# 'House' discovered in cliff side



## wildboy860 (Aug 14, 2010)

BBC NEWS | UK | Scotland | Tayside and Central | 'House' discovered in cliff side


----------



## ThrashAndBurn (Aug 14, 2010)

i want it!


----------



## Deleted member 125 (Aug 30, 2010)

thats realy cool.


----------



## shwillyhaaa (Aug 30, 2010)

yes i would loooove to live there
id be a very happy person for sure


----------



## Mouse (Aug 30, 2010)

must have been a really slow news day in that town.

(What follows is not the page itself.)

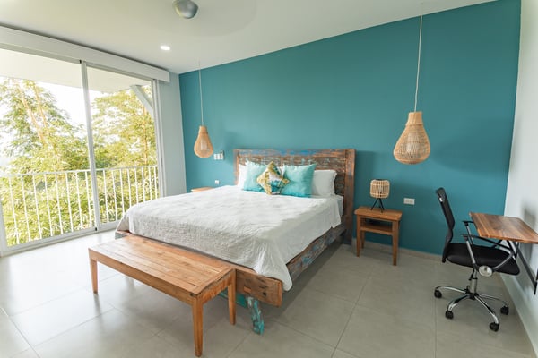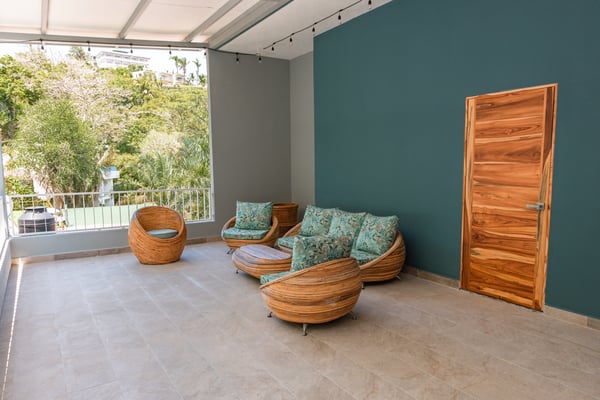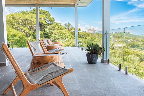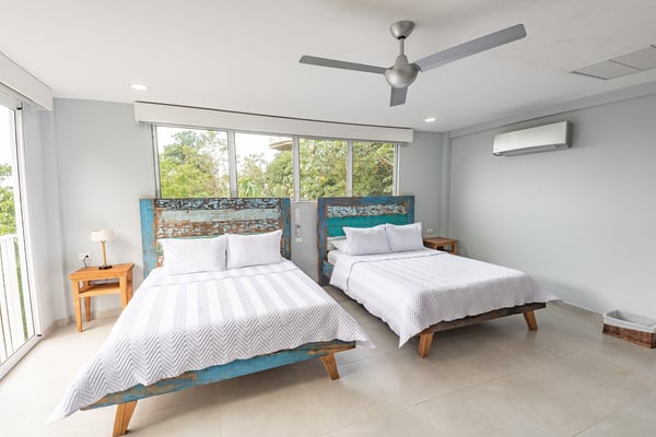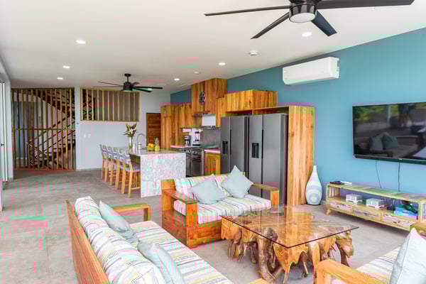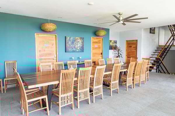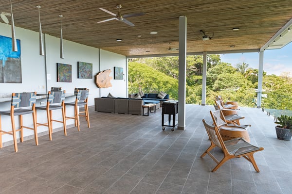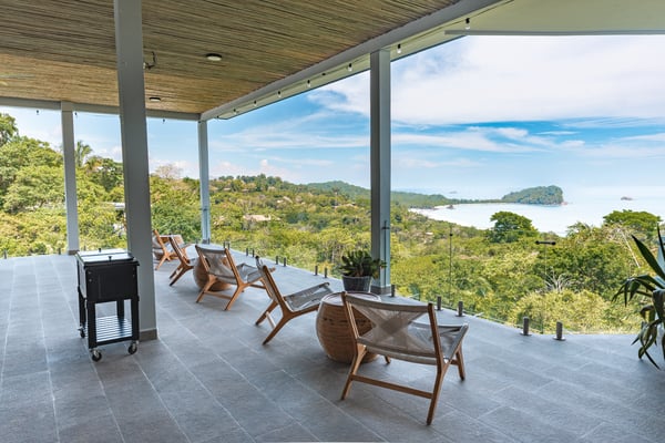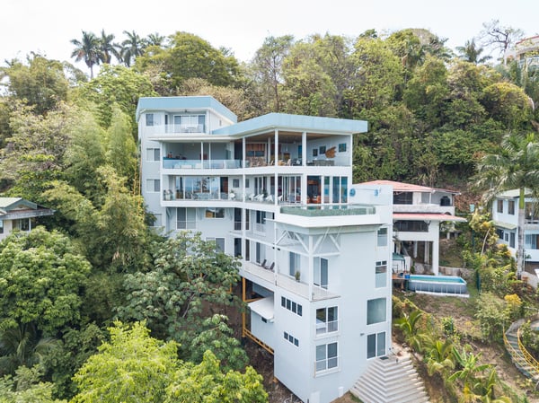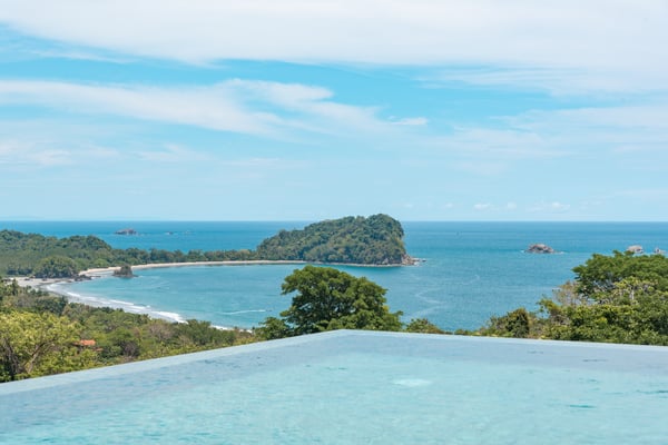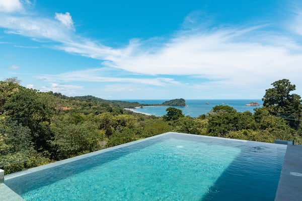 Located in the heart of Manuel Antonio, the impeccably detailed Villa is walkable to beaches, restaurants, a gym, a spa, and a yoga studio. It comfortably sleeps up to 34 people and blends the unexpected – contemporary and comfortable, sophisticated and social. The Villa features stunning panoramic views of the Pacific Ocean, Manuel Antonio National Park, and the surrounding jungle. Villa Costa Vida is perfect for small weddings, events, yoga retreats, or family reunions with 9 bedrooms, and 11 bathrooms including 7 bedrooms with en-suite bathrooms, a game room, and plenty of indoor and outdoor space. An infinity pool overlooks the ocean and the iconic point in Manuel Antonio National Park. A jungle trail on-site will take you to a seasonal waterfall. A solar system and backup generator ensure you are never without electricity or internet during electrical outages.

neat idea tho. too bad it's busted cuz of some people thinking someone was screaming. Next time they'll gag that prosti they were chaining to the wall. live and learn lol


----------



## bananathrash (Aug 31, 2010)

"and there were a couple of chains bolted into the walls. " uhhhh


----------



## BUMJUG (Aug 31, 2010)

bananathrash said:


> "and there were a couple of chains bolted into the walls. " uhhhh


 ewwwwwwwwwwyy rape dungeon!


----------



## farmer john (Aug 31, 2010)

It could be youngsters using it as a bit of a hidey, or potentially something a bit more sinister but we'd rather hope not. 


iyd rather hope they figure it out


----------



## wokofshame (Sep 1, 2010)

yo i totally got kicked out of my old squat (the telluride town campground showers) by a cop investigating reports of someone screaming nearby. 
"i dunno, i been sleeping man"
those screaming kids fuck everything up.


----------



## SanktoGrief (Sep 2, 2010)

Brilliant shelter.


----------